One-time sale benefits DLA, Portuguese

By Jake Joy DLA Disposition Services Public Affairs

Nearly a thousand pieces of usable furniture were recently awarded to the Portuguese government as part of a one-time sale held at Lajes Field in the Azores archipelago in the mid-Atlantic.

The U.S. has based personnel at Lajes Field since WWII, as a waystation for anti-submarine aircraft and a refueling point for military cargo planes bound for the U.S., Africa, and Europe. 

Defense Logistics Agency Disposition Services has long maintained a field office at Lajes, supporting the property turn-in needs of various Air Force and Navy units headquartered there. Property Disposal Specialist Luciano Barbosa De Lima is DLA’s site lead and a 25-year DLA veteran who hails from the island chain. He said the last major property sales DLA conducted in the Azores occurred in 2015, when a hospital and family housing closed as the base was drawing down.

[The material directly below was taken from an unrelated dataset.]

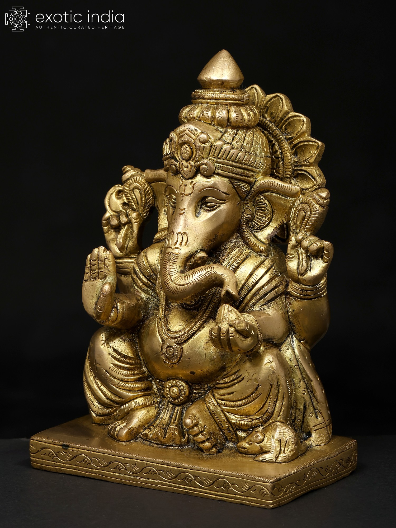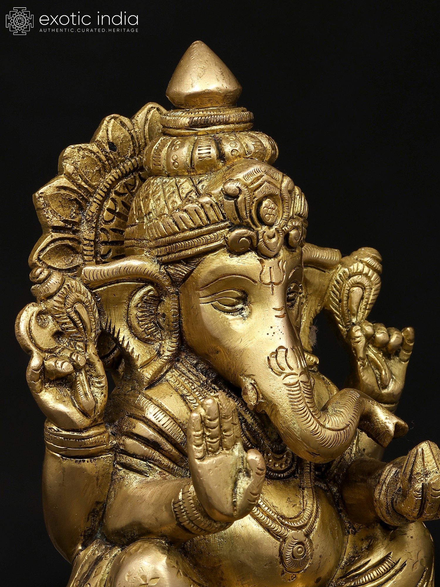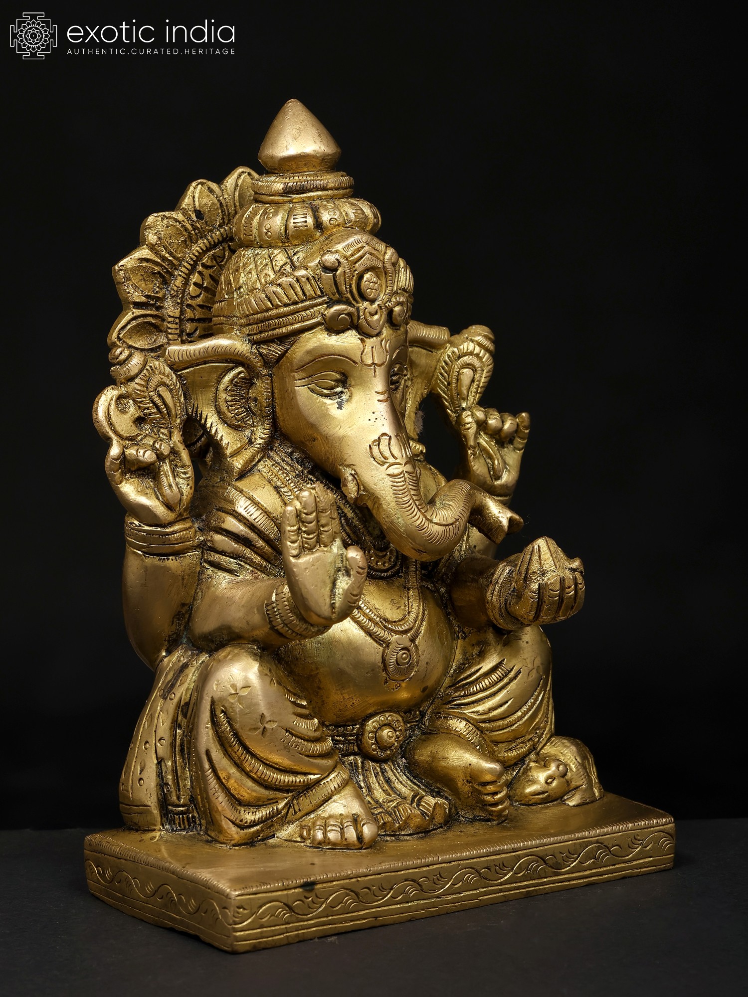 11" Four Armed Auspicious Blessing Ganesha In Brass | Handmade | Made In India

“The base used to be really big,” Lima said, noting that of the thousands of U.S. troops previously stationed there, a relative handful are still there. Of the 2,000 local nationals he estimated were once employed by the base, he said 417 remained. “DLA made big donations to the Humanitarian Assistance Program in 2015, and an entire hospital full of equipment – X-ray machines, dental chairs and equipment – went to a Portuguese air base in Lisbon.”

The recent sale included bedroom and office furniture – chairs, desks, wall units, chests, dressers, beds, and tables – left over from the drawdown. At first, Lima said, no one wanted to buy a giant furniture lot located in a dramatically remote place. He said that without a taker, the agency would need to downgrade the furniture condition codes and it would have cost DOD tens of thousands of dollars to collect, transport and incinerate the items.

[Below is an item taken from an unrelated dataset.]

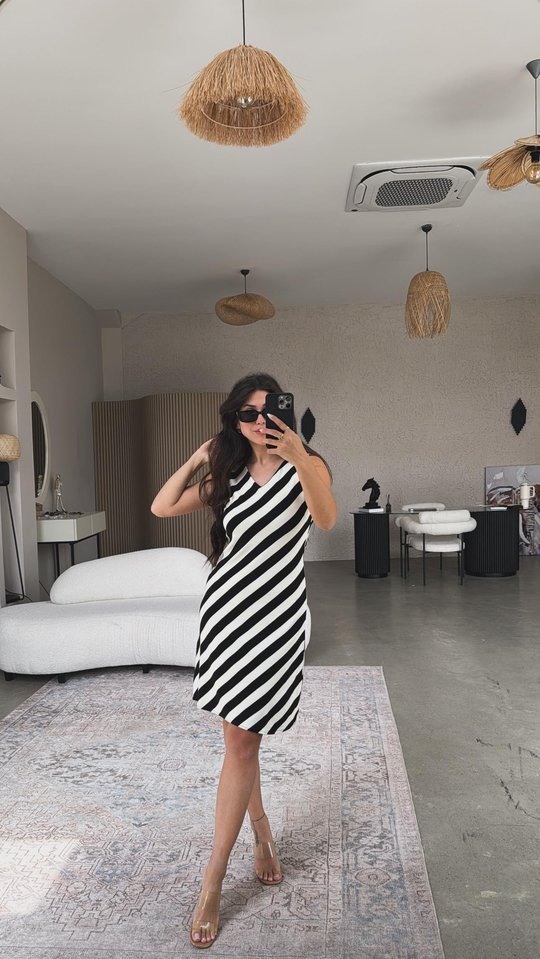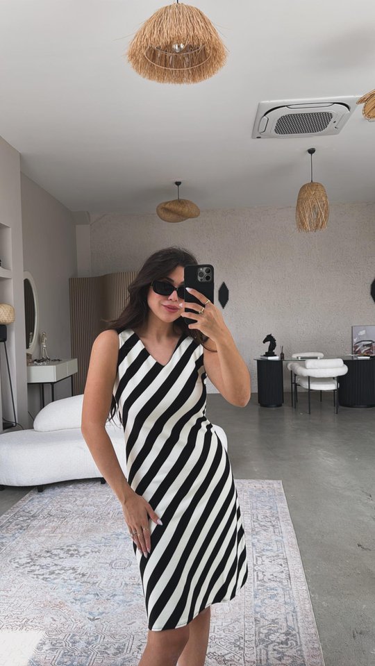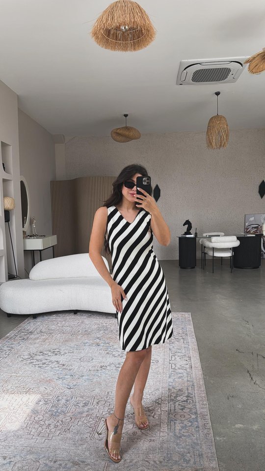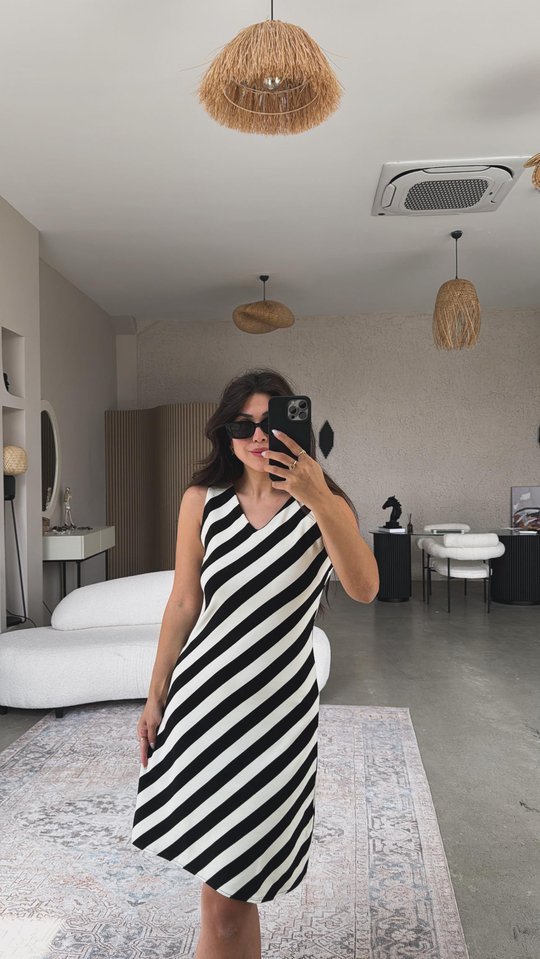 “Kadın V Yaka Sıfır Kol Diz üstü çizgi Desenli Elbise” için yorum yapan ilk kişi siz olun
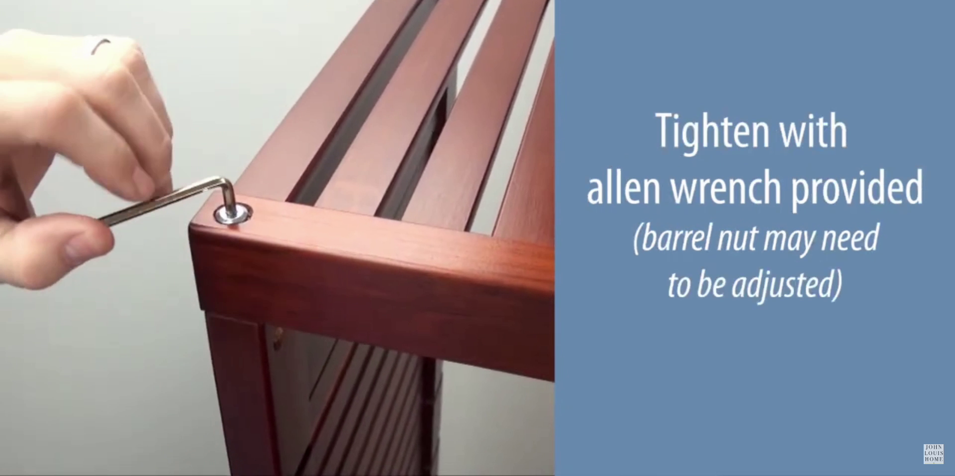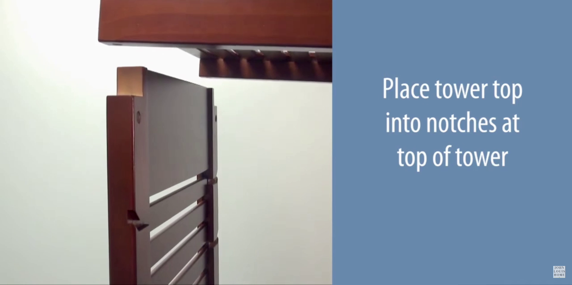 Place the tower top into the notches at the top of the tower. Insert a barrel nut into the tower side and a barrel bolt into the tower top. Tighten with the provided Allen wrench. Adjust the barrel nut as necessary.

Then came a stroke of luck.

“I am so happy,” Lima said. “A new Portuguese base commander arrived, examined the property lot and said, ‘whoa, this is better than what we have in our housing. We probably can’t use everything, but we can use a lot of it.’”

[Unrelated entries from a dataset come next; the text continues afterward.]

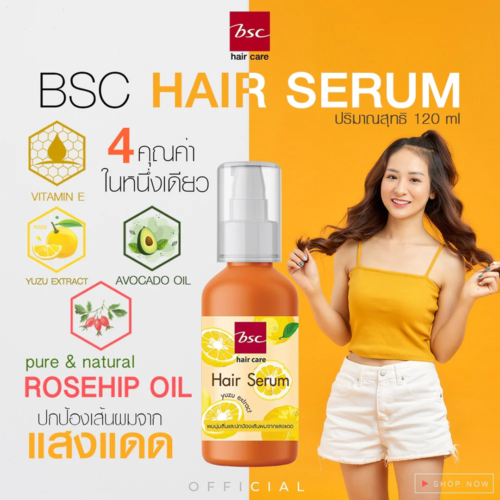 BSC Hair Care Hair Serum 120ml Hair serum helps nourish hair and coat dry, damaged hair cuticles to make them smooth. With the value of Vitamin E and Yuzu Extract, rich in antioxidants, it helps protect hair from sunlight. Combined with Rose Hip Oil and Avocado Oil, it conditions hair to be soft, smooth, and lively without leaving a sticky feeling. It adds shine to hair, making it naturally smooth and easy to style.
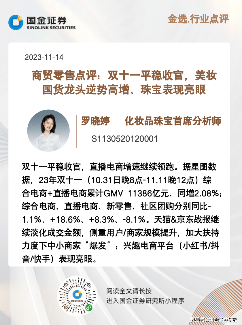 双十一平稳收官,直播电商增速继续领跑。据星图数据,23年双十一(10.31日晚8点-11.11晚12点)综合电商+直播电商累计GMV 11386亿元、同增2.08%;综合电商、直播电商、新零售、社区团购分别同比-1.1%、+18.6%、+8.3%、-8.1%。天猫&京东战报继续淡化成交金额,侧重用户/商家规模提升,加大扶持力度下中小商家“爆发”;兴趣电商平台(小红书/抖音/快手)表现亮眼。
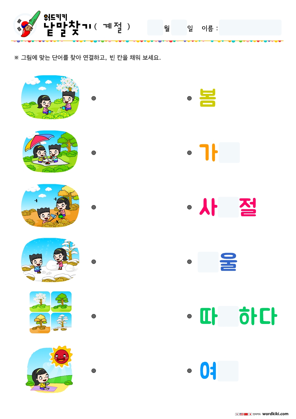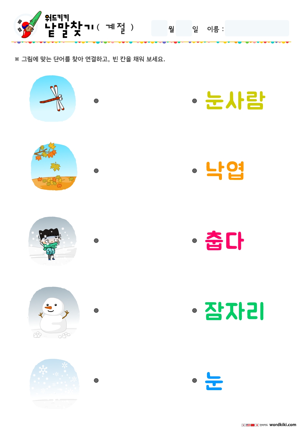 [유아한글공부 6장] 09 계절 - 한글낱말 그림연결하기
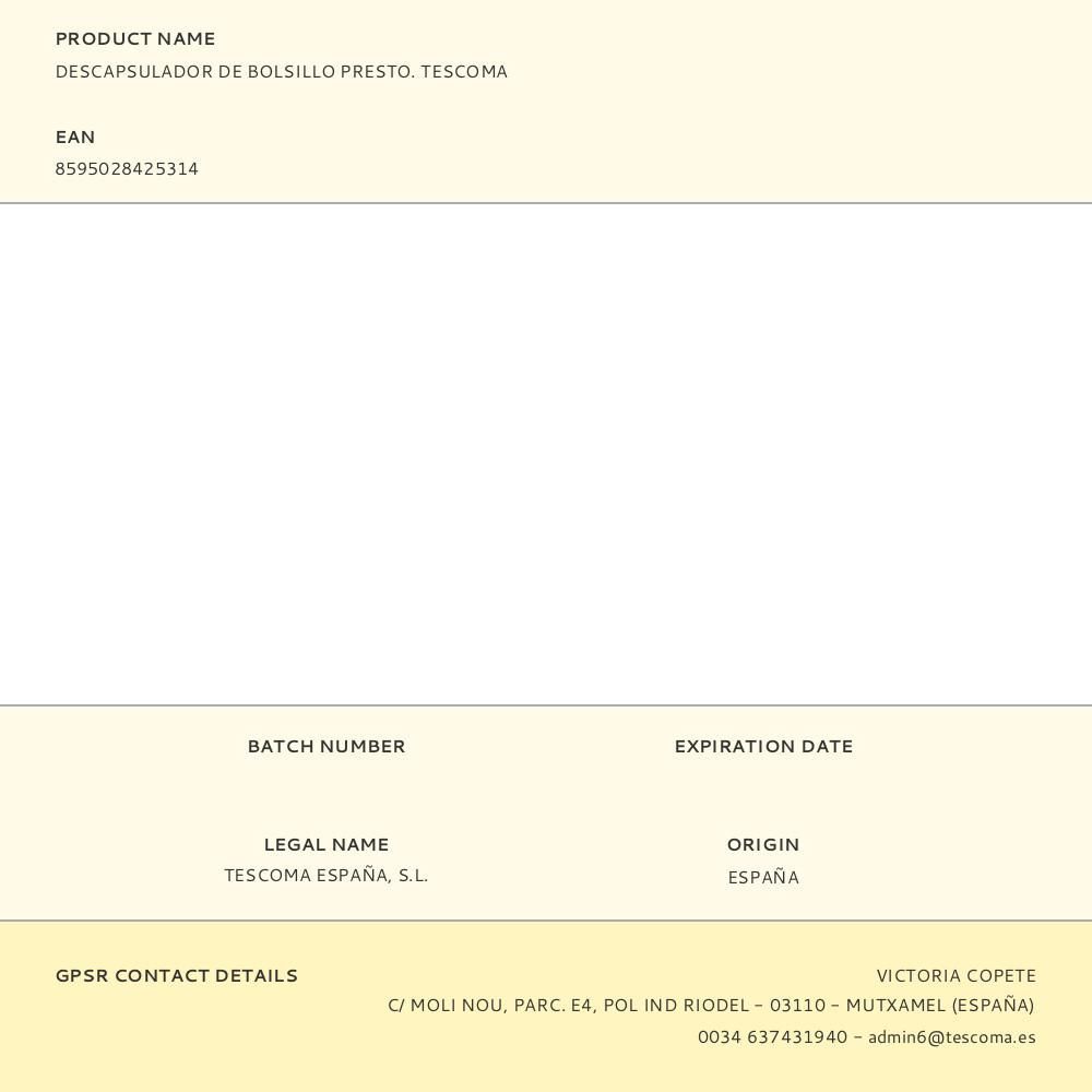Descapsulador De Bolsillo Presto. Excelente Para Abrir Fácilmente Botellas Con Tapón Metálico. . Fabricado En Metal De Alta Calidad Con Tratamiento Duradero En La Superficie. Garantía De 3 Años

Lima said the Portuguese Air Force made an offer to the DLA contracting officer that was accepted and then personnel quickly got to work clearing out spaces.

“It was great. We saved quite a bit of money. They took everything, they cleaned out our buildings,” Lima said. “They came in and used their trucks, their people, they loaded everything, they did the whole job.”

He said he expects a future sale of remaining furniture from a couple of buildings currently being used as quarantine quarters for servicemembers traveling to and from the U.S. who need lodging facilities while they wait for mandatory COVID-19 testing periods to elapse.

The official name of Lajes Field is Airbase No. 4. It was a primary location from which U.S. forces hunted German U-boats in WWII, and later, where Atlantic search-and-rescue missions often originated from.